Der Beklagte hatte bereits zum Zeitpunkt der Geltung des Kommunalabgabengesetztes für das Land Brandenburg, insbesondere des § 8 Abs. 7 S. 1 und 2, in der Fassung vom 27. Juni 1991 eine Trinkwasseranschlussbeitragssatzung, nämlich die Satzung über die Erhebung von Beiträgen und Gebühren für die öffentliche Wasserversorgung durch den N... vom 27. Juli 1994 (Beitrags- und Gebührensatzung Wasser) erlassen. Nach § 2 Abs. 1 und 2 in Verbindung mit § 3 S. 1 Beitrags- und Gebührensatzung Wasser waren „alle Grundstücken (inklusive Wochenendgrundstücken)“ betragspflichtig für Anschlussbeiträge, für die eine Anschlussmöglichkeit an die Trinkwasserversorgungsanlage des Beklagten bestand oder die tatsächlich angeschlossen wurden. Die Beitragspflicht erstreckte sich nach § 3 S. 2 Betrags- und Gebührensatzung Wasser ausdrücklich auch auf „Grundstücke, die zum Zeitpunkt des Inkrafttretens der Satzung bereits an die Trinkwasseranlage angeschlossen werden konnten oder schon angeschlossen waren“. Eine Festsetzung von Beiträgen für das Grundstück des Klägers erfolgte indes erstmals mit dem angegriffenen Bescheid vom 15. Juni 2015.

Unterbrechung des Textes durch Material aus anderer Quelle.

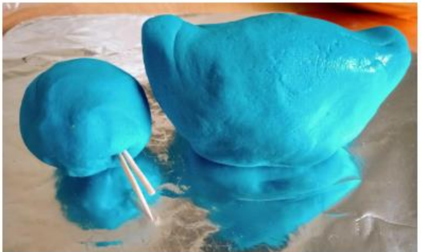
Galvos sujungimas su kūnu

Mit der am 05. November 2015 erhobenen Klage trägt der Kläger insbesondere vor, er gehe davon aus, dass die Erhebung des Beitrags der Einrede der Verjährung unterliegen würde. Hierzu bezieht er sich insbesondere auf einen Beschluss des Bundesverfassungsgerichts vom 12. November 2015 – 1 BvR 2061/14 u.a. Der Kläger geht auch davon aus, dass eine Hemmung des Ablaufs der Verjährungsfrist nicht Platz greifen würde.
Zudem meint der Kläger, der Beitragssatz sei überhöht. Eine nähere Begründung hierzu lässt der Kläger nicht ausführen.
Der Kläger beantragt,
den Bescheid vom 12. August 2015, Bescheid-Nr. 1..., in der Gestalt des Widerspruchsbescheides vom 01. Oktober 2015, zugestellt am 06. Oktober 2015 aufzuheben.
Der Beklagte beantragt,
die Klage abzuweisen.
Der Beklagte geht wegen des passiven Rubrums der Klageschrift bereits von der Unzulässigkeit der Klage aus.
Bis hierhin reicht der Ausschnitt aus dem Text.